L’après midi je suis repassé en mode promenade et photos, il y avait une bonne cinquantaine de planchistes à l’eau, dans des conditions de vague plus modestes que le matin. Le spectacle était toutefois encore là d’autant que le soleil pointait son nez, ce ballet parfaitement synchronisé de backloop en est la parfaite illustration.

Pour en revenir à la vidéo, comme d’habitude elle est montée sur kdenlive, pour la musique c’est les ramoneurs de menhirs, un groupe breton inclassable qui envoie du lourd !

Irresponsable et inconscient

J’avoue honteusement que je fais partie des irresponsables et inconscients qui sortent en planche en voile les jours de tempête. Il faut dire qu’en ce moment on est gâté, pas moins de trois tempêtes en l’espace d’une semaine, on n’avait pas vu ça depuis décembre 2013 avec une série de tempêtes qui m’avait coûté un mât, un wishbone et une voile comme on peut le voir dans les vidéos ci-dessous :

Pour en revenir aux tempêtes en cours, je suis sorti pendant les tempêtes Ciara et Dennis, j’ai loupé Inès qui est passée dans la semaine. Je ne me considère pas inconscient et irresponsable car même si les conditions sont hardcore par la force du vent et les vagues d’une bonne taille le risque est maîtrisé. En effet je choisis toujours un spot qui permet de revenir au bord en cas de casse, de perte de matériel en prenant en compte l’orientation des vagues, du vent et du courant. Depuis peu je mets également pour ce type de conditions un gilet de protection contre les impacts, ce n’est pas tant pour protéger contre les chocs mais c’est surtout qu’il apporte une aide à la flottaison même si ce n’est pas son but premier. Quand on se fait brasser dans les vagues c’est une aide précieuse pour rester à la surface et ne pas trop s’épuiser.

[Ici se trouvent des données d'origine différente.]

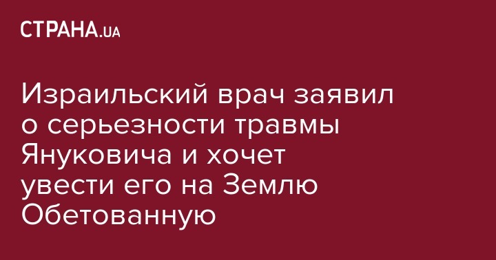 Израильский врач заявил о серьезности травмы Януковича и хочет увести его на Землю Обетованную
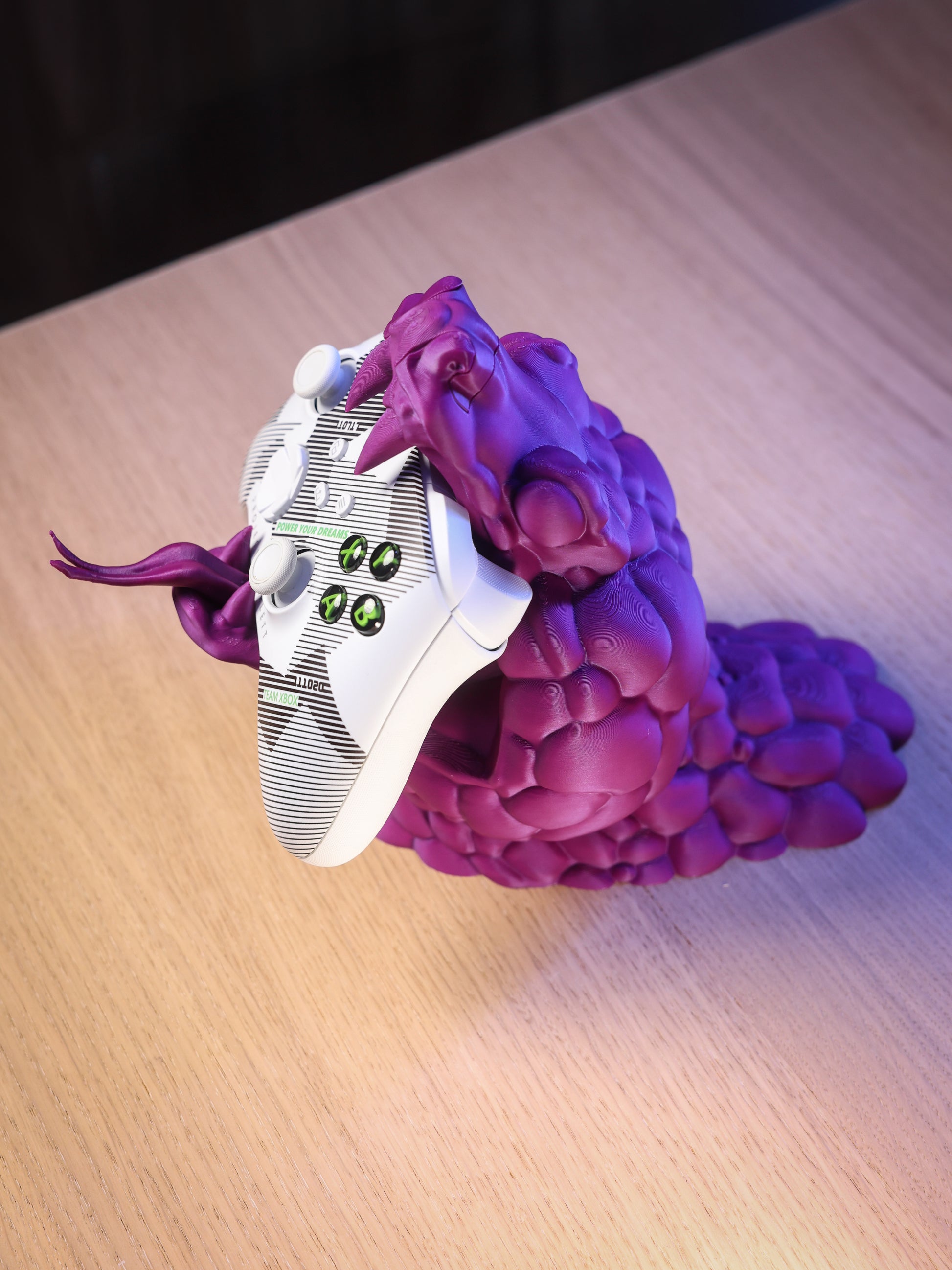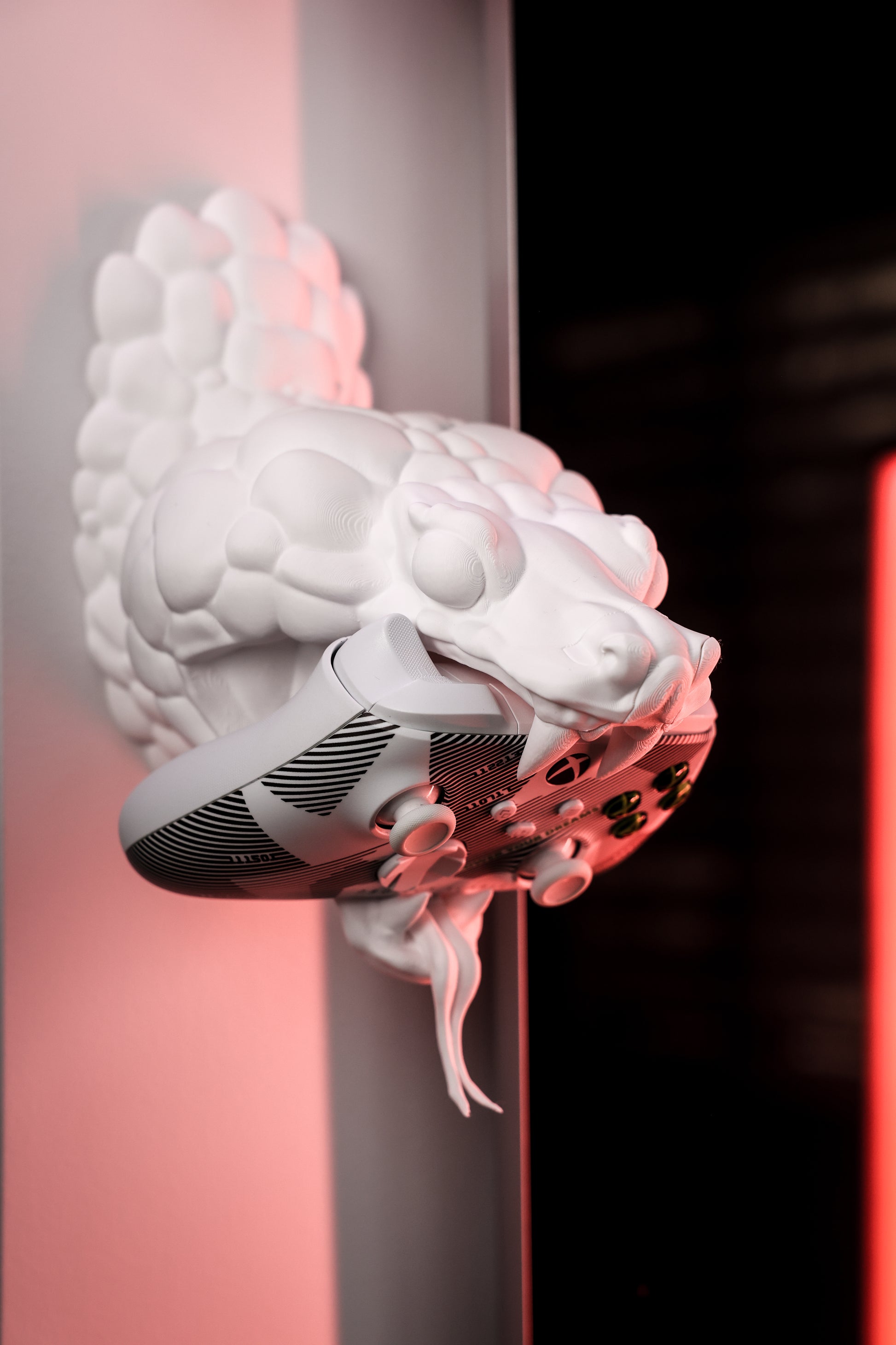Unleash the beast in your setup with Venom Grip™, the ultimate wall-mounted controller holder that merges style, attitude, and function. Sculpted with a striking serpent design and metallic green finish, this stand doesn’t just hold your controller – it owns it.

Dans le cas présent avec un vent tempétueux de sud, sud-ouest, je reste dans la baie de Guisseny (connu également sous le nom du spot du Fanal) en choisissant correctement l’horaire de marée, on peut avoir pied quasiment partout. Les vagues rentrent bien sans être monstrueuses et destructrices comme sur le spot des Blancs Sablons au Conquet. Vu l’orientation légèrement off du vent, elles sont belles et bien pentues, on peut arriver quand même à des tailles respectables de 1,5-2m dans les grosses séries.

Au surf pendant la tempête Dennis

Le bémol est que le vent est tellement fort est qu’il difficile de garder une voile neutre pour surfer correctement les vagues, en revanche c’est l’idéal pour envoyer des sauts stratosphériques.

Photo plutôt médiocre d’un saut lors de la tempête Ciara

Par ailleurs on est rarement seul, on partage ce moment de folie avec d’autres inconscients qui ont également un bon (voire excellent) niveau.

Bref, je puis concevoir que sortir pendant les tempêtes surprenne voire choque, mais en respectant certaines règles de base de sécurité et en ne surestimant pas ses capacités, on peut prendre sa dose d’adrénaline et de plaisir. Je n’en dirais pas autant pour le kitesurf, les vents tempétueux se caractérisent par des soudaines et violentes rafales qu’il est possible de gérer en windsurf en choquant à mort la voile mais qui sont beaucoup plus délicates à gérer en kitesurf, cela reste potentiellement bien plus dangereux.